パウロは、神様の福音を「命の言葉」といいました。また、キリスト者として、福音という命の言葉をしっかり保つことが「誇り」であると教えています。この「福音」という一つのことに、パウロは全身全霊をもって働いています。全身全霊で働くことが保つということでもあります。福音は音と書きますが音ではありません。イエス様のみ言葉です。このみ言葉には命があるので、暖かい心が伝わってくるのです。

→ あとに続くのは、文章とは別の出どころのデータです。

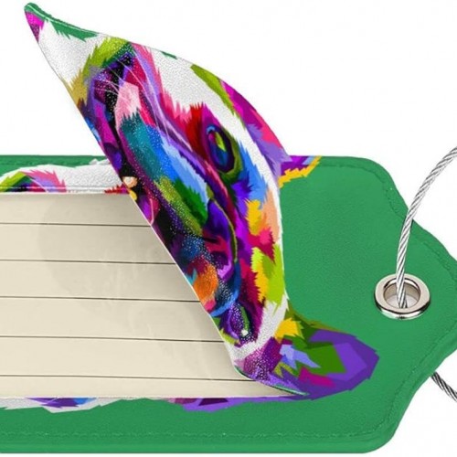 Cute French Bull Dog Luggage Tags for Boys Girls Adults, Set of 2 Stylish Art Colors Animal on Green Background Leather Stainless Steel Loop Label Tag for Travel Bag Suitcase
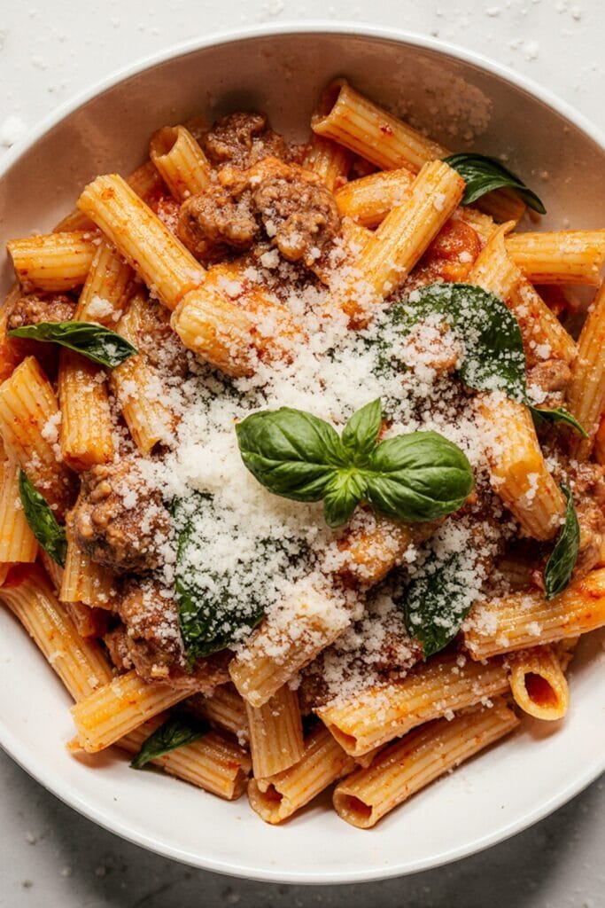 Return the browned sausage to the skillet and stir it into the sauce. Add the cooked pasta and toss everything together, letting it cook for 2–3 minutes so the pasta absorbs the sauce. If it feels too thick, add a splash of the reserved pasta water until it coats the pasta nicely.

「言葉とは心の振動である」ということを聞きました。「好きだ」という心の振動があってはじめて、言葉として告白ができるというのです。振動ですから、音にならない言葉もあります。イエス様の御言葉も振動です。十字架という救いを、福音という御言葉の振動によって伝えてくださっています。この振動こそ聖霊の働きではないかと思います。心の振動を意識していないと、それはただの音になります。音では会話になりません。家族内ではなされる会話も、命の言葉としての心の振動を大切にしてほしいと願っています。
パウロは、「命の言葉をしっかり保つ」と言います。言葉には命があるのです。言葉は「心の振動を伝える」のです。「ありがとう」の一言が人を生かすのは、その「ありがとう」に心の振動が込められているときです。私たちはイエス様から「命の言葉」をいただいています。その「命の言葉」が、どんなときでも励まし、慰めを与えてくれるのです。